What is Hypothesis Testing and how do we use it?

Actually, you already use it

Suppose you meet someone for the first time, and they tell you that they can run at 10 km per hour (or just under 7 miles per hour, for those three nations that still use this system). 

    Hint: average top running speed women ~ 10km/hr, and men ~ 12.8km/hr

You might think, okay, that's close to average; that sounds reasonable. 

Now if they said they can run as fast as 30km/hr. Now that's a bit of a stretch.

The average professional sprinter could sustain speeds of 24km/hr, so 30km/hr is improbable, but not impossible since Usain Bolt tops out at a whopping 44km/hr during his Olympic record run. 

Some people might say, nahhh, that's too far a stretch, but you might choose to believe them for now. 

But if they said they could reach more than 50km/hr. Is it possible? Sure, they might be a hidden Olympic record-shattering machine, an athletic monster like nothing the world has seen before, but at this point, the chances are so slim that you'd reason, that at this point, they're just screwing with you. 

So, as humans, we have a general idea of how to tell the truth apart from lies. You start with some baseline, like knowing that average running speeds, and if they are within a reasonable range from the average, you say, okay, that's probable and I'll believe that. If they are wayyy off, like 50km/hr, then you could pretty confidently deduce that they are not telling the truth. 

But the question is, how far off do they need to be from the average for you to no longer believe them?
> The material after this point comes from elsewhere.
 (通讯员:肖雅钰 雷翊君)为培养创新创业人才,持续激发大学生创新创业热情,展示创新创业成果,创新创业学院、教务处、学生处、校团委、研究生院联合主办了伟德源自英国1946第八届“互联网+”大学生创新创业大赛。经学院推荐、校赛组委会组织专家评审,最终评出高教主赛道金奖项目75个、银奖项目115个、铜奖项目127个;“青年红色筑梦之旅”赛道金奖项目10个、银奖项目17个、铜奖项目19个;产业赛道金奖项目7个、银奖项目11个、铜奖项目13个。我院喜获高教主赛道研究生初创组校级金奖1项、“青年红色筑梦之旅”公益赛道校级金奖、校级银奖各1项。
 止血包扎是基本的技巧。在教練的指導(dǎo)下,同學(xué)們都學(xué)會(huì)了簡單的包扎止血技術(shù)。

Like in the story, 30km/hr is much faster than the average, but people have achieved speeds above that. So, in that case, should you still believe them?
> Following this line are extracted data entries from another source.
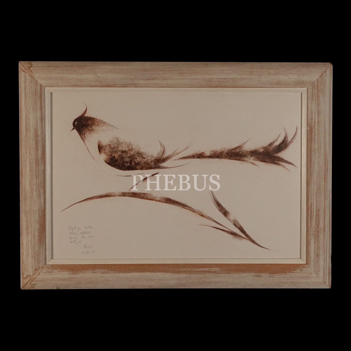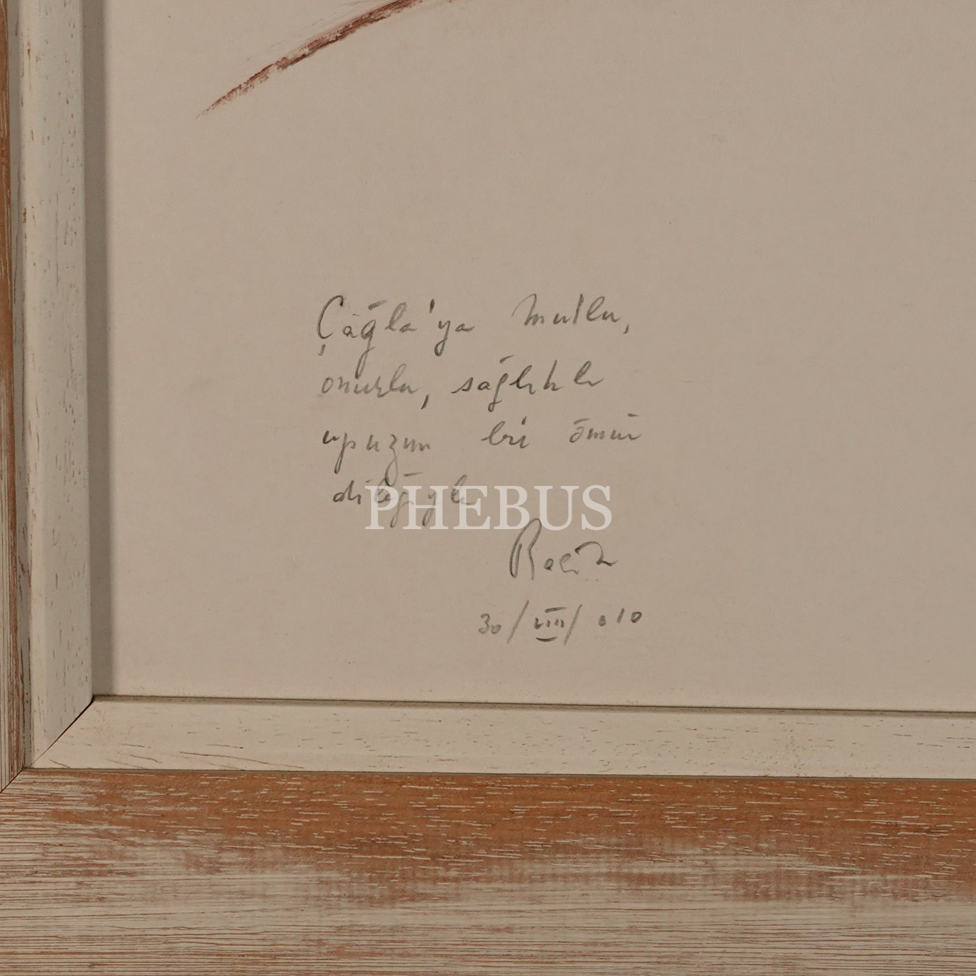 Rasin Arsebük´ten ithaflı ve imzalı güvercin resmi, 2010 tarihli, çerçevesiyle birlikte 84x62 cm...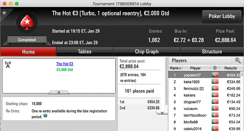 Para finalizar o pódio, o segundo maior prémio da noite ficou com Fernando "Angola_1974" Nogueira, venceu o The Hot BigStack Turbo €50 e juntou €2,189 à sua banca.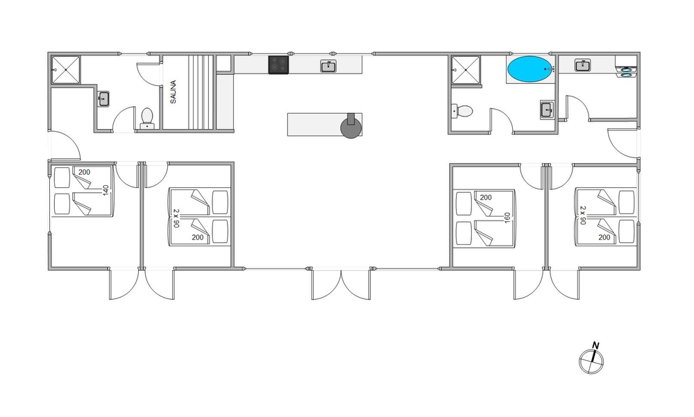 Das moderne Holzhaus verfügt über insgesamt 4 Schlafzimmer mit 2 bequemen Doppelbetten 180×200 cm und 140x200cm und 4 Einzelbetten 80x200cm. Das Ferienhaus verteilt sich auf 142 m2, wurde 2003 erbaut und hat Platz für 8 Personen.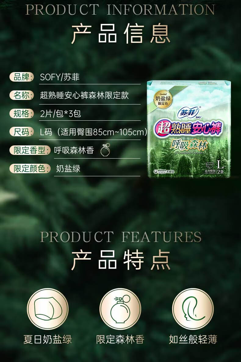 苏菲超熟睡安心裤森林限定超薄夜用L码6条无感安睡裤官方旗舰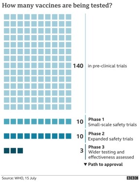 The BBC reports that there are dozens of candidate vaccines in the works. (Click on the image on the left to read the news item.) The BBC report is about the Oxford University coronavirus vaccine. A more informative item was published today at the Oxford University website. Quote:

Let's just say, suppose we managed to collect the top running speeds of everyone in the world. And suppose more than 10% of the population can run at or faster than 30km/hr. Then, technically, if you were to random pluck a person out of everyone in the world, then there's a 10% chance that this person could, in fact, reach speeds of 30km/hr. 
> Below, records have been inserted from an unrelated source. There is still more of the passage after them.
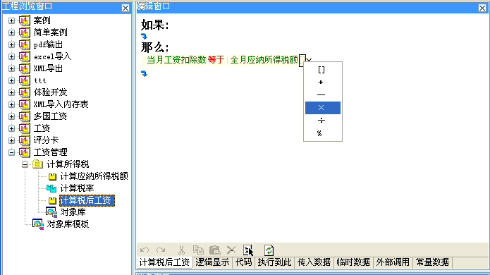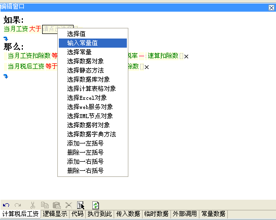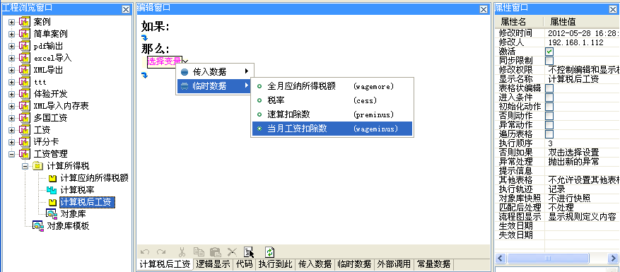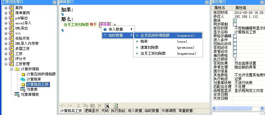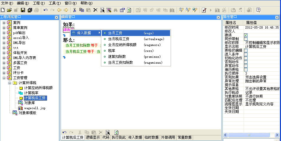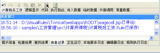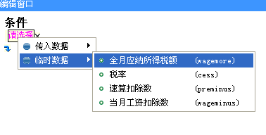 这样临时数据中的变量就转移到传入数据中来了。转移完成时候,我们就可以通过测试窗口看到计算过程中的这些中间值了。选择“计算所得税”规则包的测试窗体,点击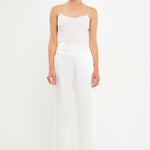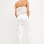 These sleek and stylish satin trousers are the perfect way to make a statement. The tuxedo pleated high waistband is both stylish and flattering, while the wide leg trousers give you a look that is both sophisticated and stylish. The side pockets and side zipper add a touch of utility, while the lining ensures a smooth and comfortable fit.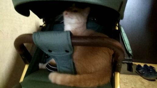 Кот Персик оценивает новую прогулочную коляску для сына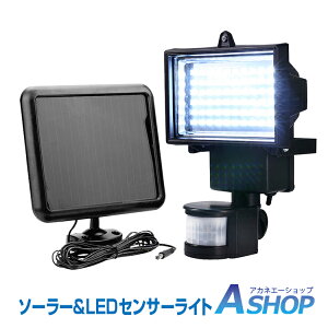 ◆昼間に太陽エネルギーをうけ電力を充電!! ◆高輝度LED60個搭載で抜群の明るさを発揮します ◆人感センサーで防犯対策に効果抜群! ◆3つダイヤルボタンで点灯時間やセンサー感知度を調整することができます...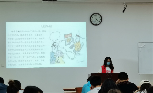活动伊始,公司青协各部门进行了合理分工,确定好具体活动流程,完成前期相关事宜。随后,青协面向全院招募志愿者,并5月20日完成志愿者筛选培训工作,最后根据志愿者的人数和志愿时段,将志愿者们于晚点名期间细分到各个班级去宣讲。宣讲过程中,志愿者们主要介绍了金融诈骗的惯用手段,在生活中我们应该如何识别、防范金融诈骗等,提醒同学们尤其注意电信诈骗,并通过真实案例让同学们对金融诈骗的形式有了更加深刻的了解。
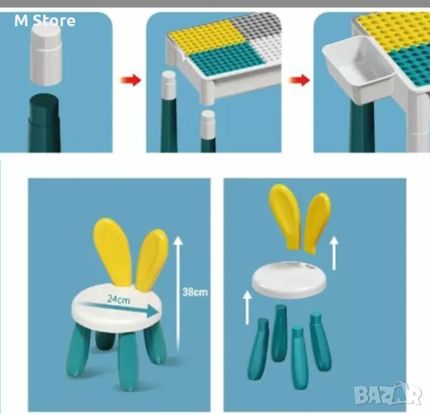 С този учебен комплект, децата могат да създават, учат и играят с радост. Масата има две страни - едната с тухли за конструиране, а другата с обиколници за учебни дейности.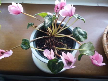写真はますます元気がなくなってきた我が家のシクラメン。

You might say, that's quite a small chance. But as statisticians, we like to be really sure before we start challenging their statement. To us, 10% chance is still a decently high chance as far as we're concerned. 

So what is considered too small of a chance? Collectively, we've decided, 5%. So, if less than 5% of the world can run at or over 30km/hr, then at random, there would less than a 5% chance that you would find someone who could reach that pace. That, we say, is too improbable for us to believe that the person you're talking to just so happens to be part of that small 5% of people with extraordinary running abilities. It's much more likely, with a chance 95% in fact, that the person cannot reach that speed. 

Can we still be wrong? Yes, but the chances are so low that, at this point, we conclude that he's not telling the truth. 


Let me tell you about Benjamin

When I was little, I had a friend named Benjamin. I'd go over to his house every day during summer vacation to play his NES. Best time of my life. But every day, after about an hour of gaming, we'd get thirsty, so one of us had to run to a convenience store about 10 minutes away. With the scorching sun outside, none of us were eager to leave the nicely air-conditioned room. So, to decide who would make the run, Benjamin proposed we flip a coin. If Heads it's me; tails it's him. 

Heads. Aww shoot. Alright. So I ran and got us two sodas. 
Next day. 
Heads. Just my luck. I went to get some sodas.
Next day. Heads. Fine. Got some sodas.

Over the span of 10 days, this coin landed on heads nine of the ten times. At this point, I thought, bro, this can't be a fair coin, right? Gotta be a trick coin. Now, without an understanding of the materials used to make the coin, or a way to check whether the coin is weighted in a certain way, how could I possibly prove that the coin was not fair? Perhaps, I thought, it is fair, and I was just unlucky. 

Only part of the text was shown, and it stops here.